═══ Provided records ═══

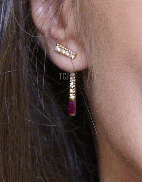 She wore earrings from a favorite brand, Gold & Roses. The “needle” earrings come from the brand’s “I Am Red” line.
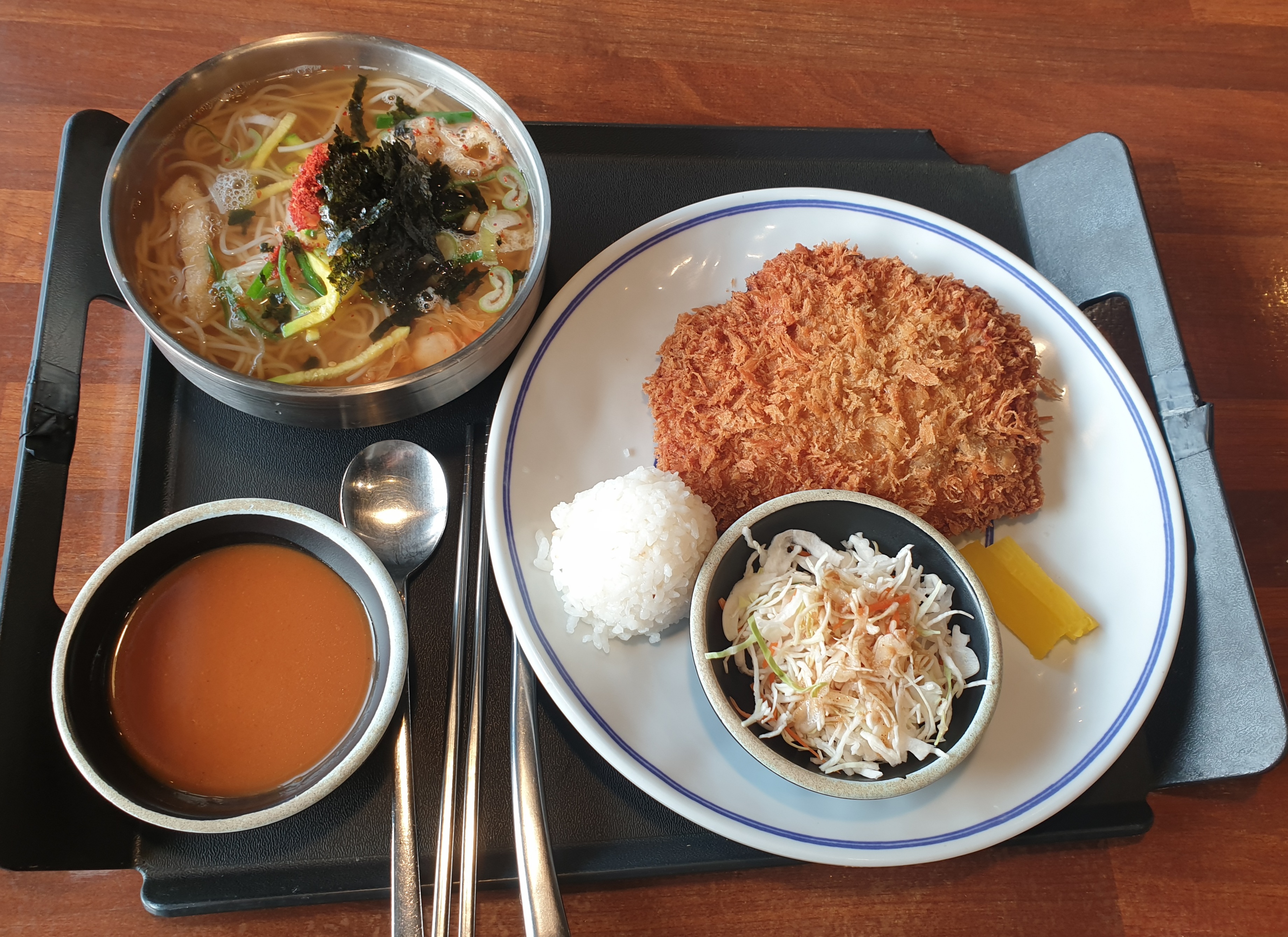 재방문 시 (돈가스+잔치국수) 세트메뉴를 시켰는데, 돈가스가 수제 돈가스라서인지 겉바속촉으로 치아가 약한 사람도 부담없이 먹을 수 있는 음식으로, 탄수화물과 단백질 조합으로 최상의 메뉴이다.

═══
═══ Provided records ═══

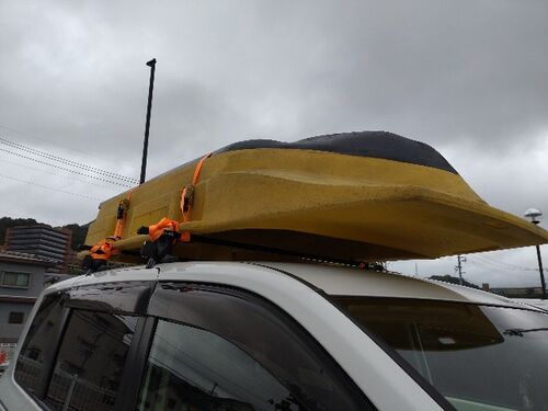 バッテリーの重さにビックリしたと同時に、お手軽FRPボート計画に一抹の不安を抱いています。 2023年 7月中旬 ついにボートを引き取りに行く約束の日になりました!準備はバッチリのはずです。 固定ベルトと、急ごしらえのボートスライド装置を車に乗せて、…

═══
═══ Provided records ═══

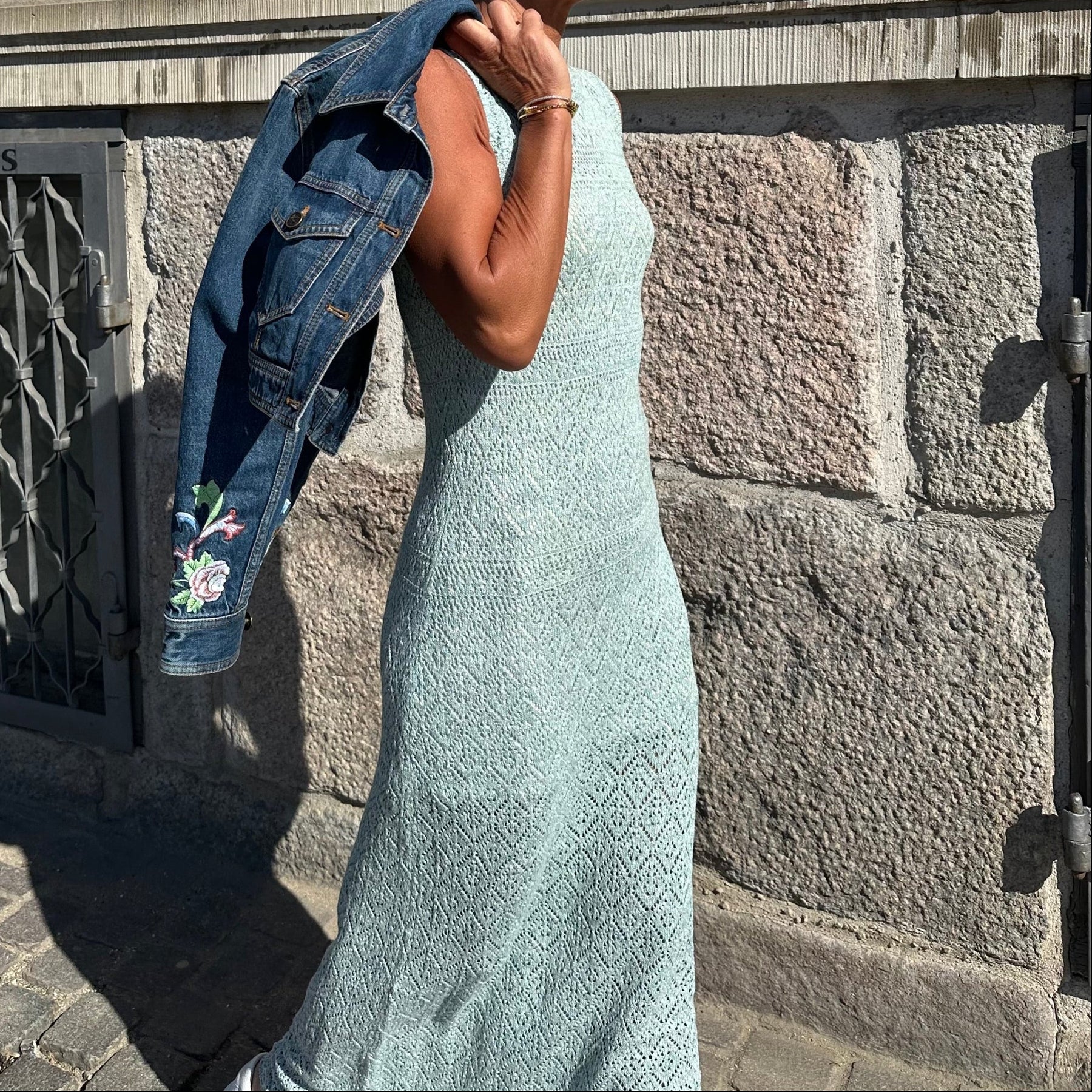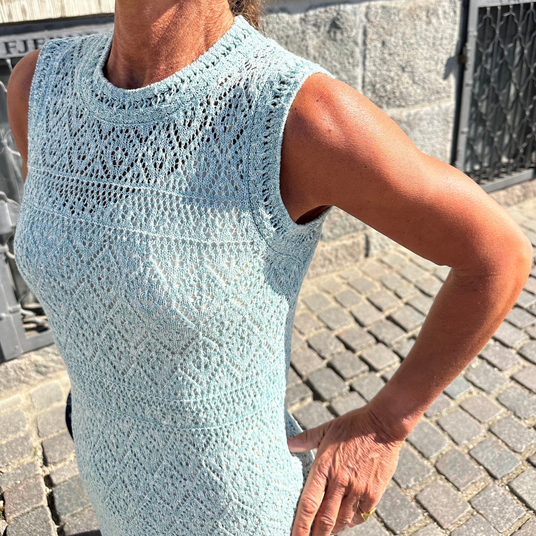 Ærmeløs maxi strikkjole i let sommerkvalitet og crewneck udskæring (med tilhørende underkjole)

═══

Each line above from the one containing "She wore earrings" through the one containing "재방문 시 (돈가스+잔치국수)" is to be returned verbatim. Nothing else, and no pictures.

Solution below:
 She wore earrings from a favorite brand, Gold & Roses. The “needle” earrings come from the brand’s “I Am Red” line.
 재방문 시 (돈가스+잔치국수) 세트메뉴를 시켰는데, 돈가스가 수제 돈가스라서인지 겉바속촉으로 치아가 약한 사람도 부담없이 먹을 수 있는 음식으로, 탄수화물과 단백질 조합으로 최상의 메뉴이다.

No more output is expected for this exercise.